Retirement plans

Investors will soon have many options to invest for their retirement. Several mutual fund houses, such as SBI, Reliance, Axis, DSP BlackRock, among others, are getting ready to launch their retirement products. Only three fund houses – UTI, Franklin Templeton and Tata – currently offer retirement plans in the country. Mutual funds have been clamouring for approval of their retirement products for a long time. They also wanted these products to be included in the Section 80C basket, which allows tax deduction of up to R1.5 lakh on certain investments. Finally, their prayers have been granted. Until recently, only insurance companies were allowed to offer pension products in India.

A cursory look at the offer documents reveal that these schemes offer various investment options to investors.
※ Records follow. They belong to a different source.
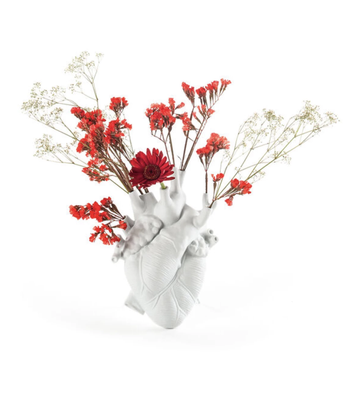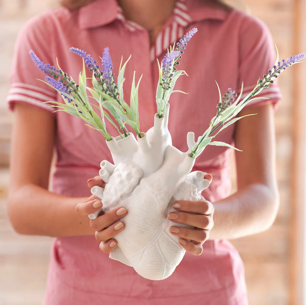 This heart-shaped porcelain vase is modern love translated into a romantic but unpredictable gift,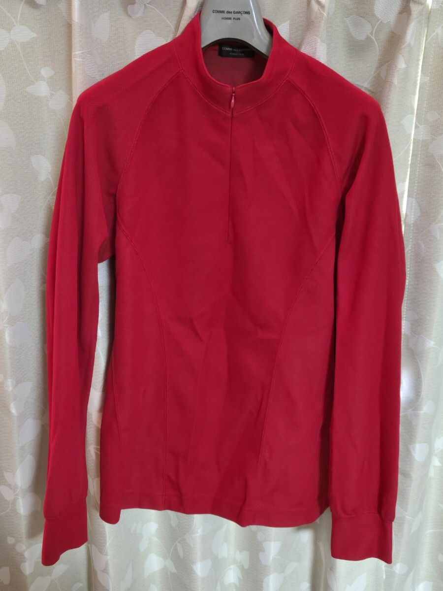 > COMME des GARCONS HOMME PLUS コムデギャルソン オム プリュス カーブ期 切り替え長袖Tシャツ ハーフジップ 赤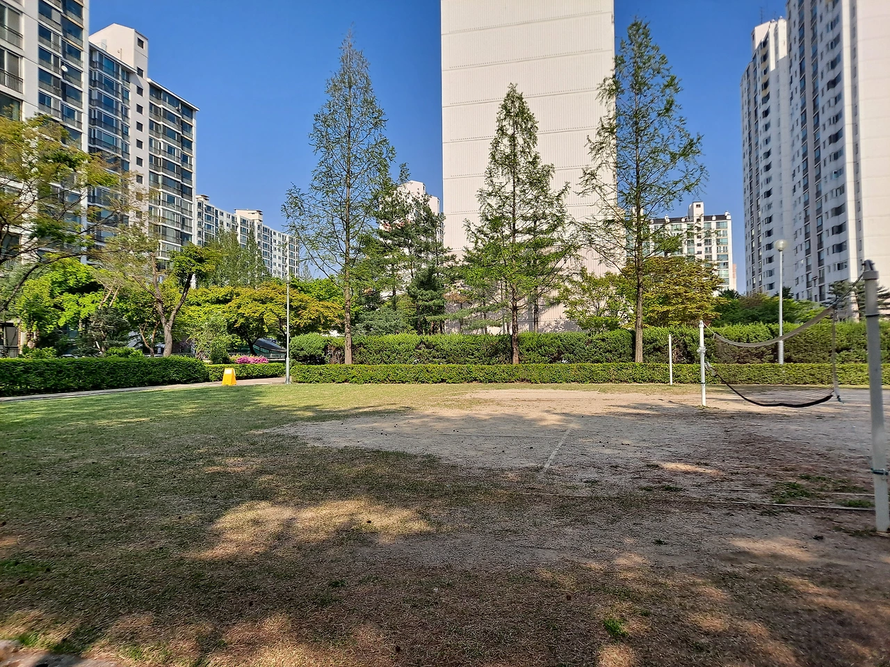 하늘 빛은 마냥 푸르고 오늘도 구름 한점 없다. 가깝고 먼 나무에서 여러 종류의 작은 새 소리만 나지막히 들려올 뿐이다. 네모난 잔디밭 공간 안에 오후의 시간이 잘려져 가두어져 있는 것 같다. 노랑과 진분홍빛 밝은 칼라의 옷을 입은 아이 둘이 발랄하게 엄마와 함께 지나간다. 운동을 하려는 듯 뛰어나가는 청년 그 다음에도 주로 노인들이 몇몇 다들 바쁘게 각자의 길을 가고 있다.푸른 잔디와 배드민턴장이 그려진 미동도 없이 움직이지 않는 그림 안에 살아 있는 사람들이 들어왔다가 나갔다가 하는 것 같다.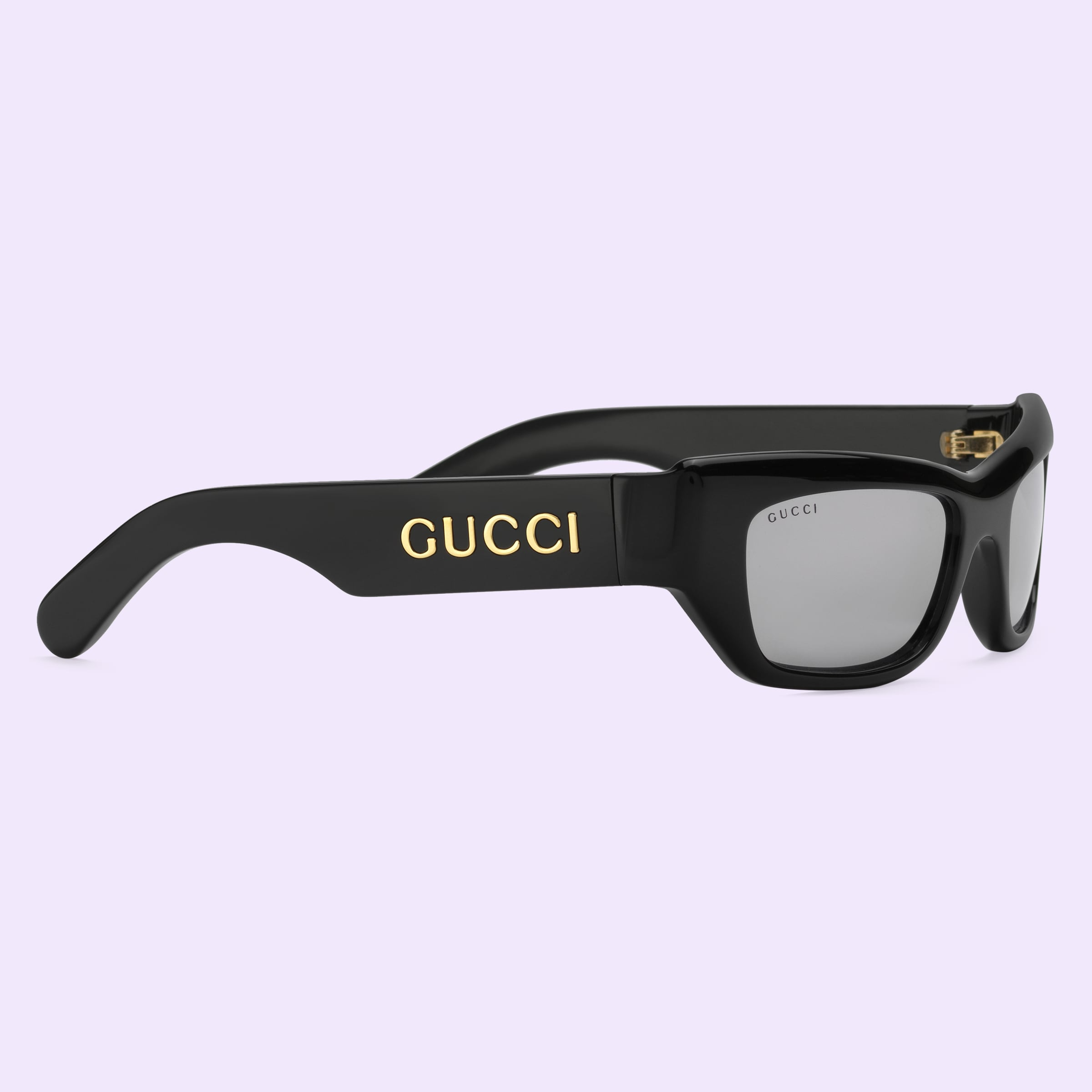 - Shiny black acetate temples with Gucci logo detail

Depending on their risk profiles, investors can choose different combinations of equity and debt. Typically, the most aggressive investment option would have maximum allocation to equity and a very conservative portfolio would have maximum allocation to debt. A combination of debt and equity would take care of the risk profiles that fall between these two extremes.

These various investment options shouldn’t be confusing for a regular mutual fund investor. An investor can figure out the specifications of a plan by looking at the equity or debt component in it. A plan with 65-100 per cent equity allocation is like any equity-oriented fund. Similarly, a plan with 90-95 per cent debt allocation is a pure debt plan. Mutual fund investors may also find investment allocations similar to balance funds, MIPs and so on. All an investor has to do is to pick an investment option that matches his risk profile and investment objective.

Since these schemes are expected to pool savings for retirement, you have the option to lock-in the money till your retirement or redeem it before that. To discourage investors from exiting from the scheme before their retirement, fund houses have lined up stiff exit loads for early redemptions.

Reliance’s product, apart from the two existing retirement funds from UTI and Templeton, qualifies for tax deduction under Section 80C. Other fund houses are also hopeful of getting similar exemption.

However, this is likely to pose a serious challenge to common investors as most of them typically exhaust most of the available limit under Section 80C with their EPF contributions and life insurance policies. ELSS is also going to compete with these retirement products. That could make the choice tricky for most investors.

Also, since some of these schemes do not have a mandatory lock-in period like all other permitted investments under Section 80C, it is entirely up to an investor to stick to his investments. It remains to be seen how many investors will have the discipline and courage to continue with their investment plan in adverse market conditions, as these retirement products allow investors to exit them after paying a slightly higher exit load.